At Wingate Primary School, reading is at the heart of our curriculum. We believe that reading is a vital life skill that supports children’s learning across the whole curriculum.  High quality phonics teaching is at the heart of early education, securing the crucial skills of word recognition that, once mastered, enable children to read fluently and automatically. Once children are fluent readers, they are able to concentrate on the meaning of the text and make the shift between learning to read and reading to learn.

By immersing our children in quality texts, we strive to ensure that our children are fluent readers with excellent comprehension skills. We provide a curriculum which is language rich in order to open doors for our children’s futures.  It is our intention to ensure that by the end of their primary education, all pupils are able to read fluently, and with confidence, in any subject. We therefore encourage all pupils to read widely across fiction, non-fiction and poetry to develop knowledge of themselves and the world in which they live, to gain knowledge across the curriculum and to instil a love of reading and promote lifelong learning.

The systematic teaching of phonics has a high priority throughout Reception and Key Stage 1. At Wingate Primary School we follow the Bug Club Phonics programme to teach phonics. We aim to ensure that all children are fluent readers by the time they leave KS1 and have a love and enjoyment of reading. All adults in school have attended training on the delivery of Bug Club Phonics. Our reading scheme in Reception and Year One is entirely decodable using the Bug Club scheme. Bug Club Phonics is a comprehensive phonics teaching programme centred around an accessible and inclusive teaching approach. It is designed to build children’s confidence and enjoyment of reading at the very start of their reading journey.

The Bug Club Phonics teaching programme follows this structure.

 

Children are taught within their class and any additional support required is delivered in small groups. Within Early Years and Key Stage 1 classes, phonics is taught discreetly in a daily session that lasts up to one hour.
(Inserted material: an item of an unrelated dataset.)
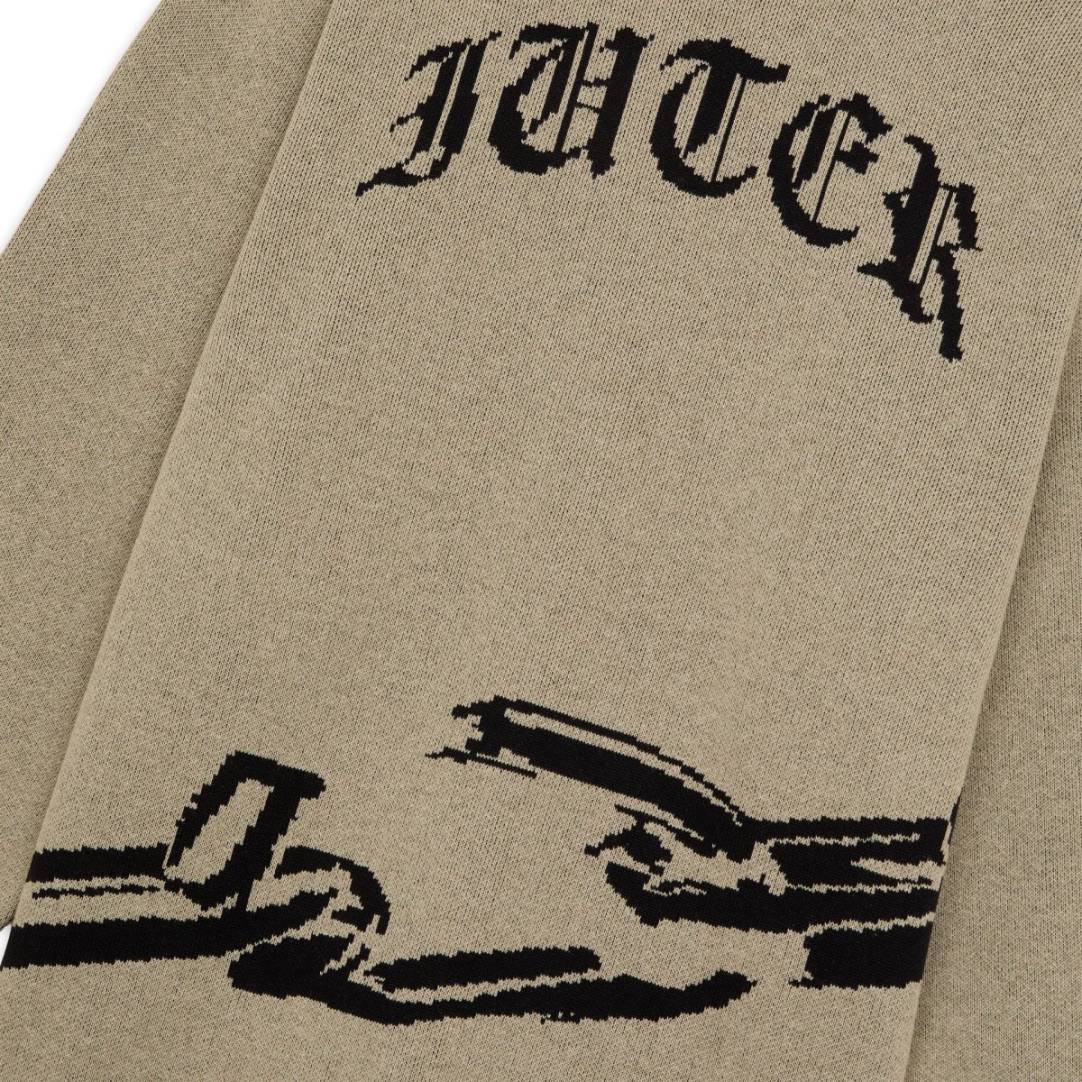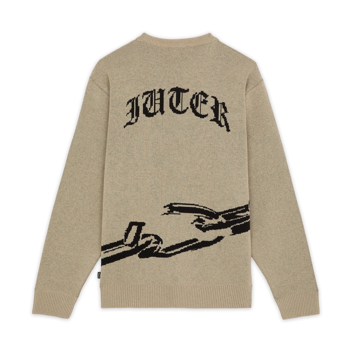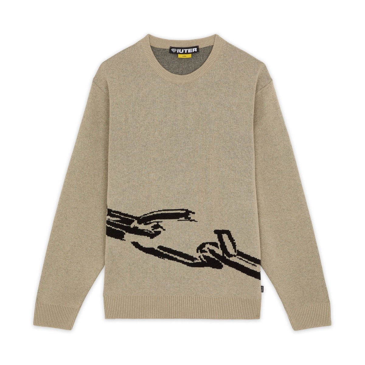 Maglia girocollo Iuter modello chain jumper colore beige con stampa frontale 100% cotton Made in Italy fit regolare.

Children then apply their new skills when reading books from the Bug Club scheme which match the letters and sounds that they have previously learnt.

Teachers draw upon observations and continuous assessment to ensure children are challenged and to identify children who may need additional support. Timely intervention is planned for those children who are working below expected levels as soon as their needs are identified.

In Year One, children build upon the phonic knowledge acquired in Early Years and further develop their segmenting and blending of more complex words based on their reading ability.  When children move beyond Phase 5 phonics and a predominantly phonics approach to reading, then children are taught a broader range of reading skills to develop their understanding of the texts they read. Throughout Key Stage Two the teaching of phonics will continue as deemed necessary and in line with each child’s stage of development, with the expectation that all children will become fluent readers secure in word building and recognition skills.

All children are encouraged to read at home with an adult on a regular basis. Children have access to books matched to their phonic/reading ability until children become fluent readers. Through the engaging online reading world, which strengthens home school links, children can also access allocated, levelled Bug Club eBooks online to read both at school and at home. Children in Reception take Phonics homework home each week linked to the sounds they have learned in class to practise the recognition and writing of the letter and its sound.

Consistency of time and resources are applied effectively to support the teaching of daily phonics. The discrete teaching of phonics and reading has become a natural and everyday part of every aspect of the curriculum.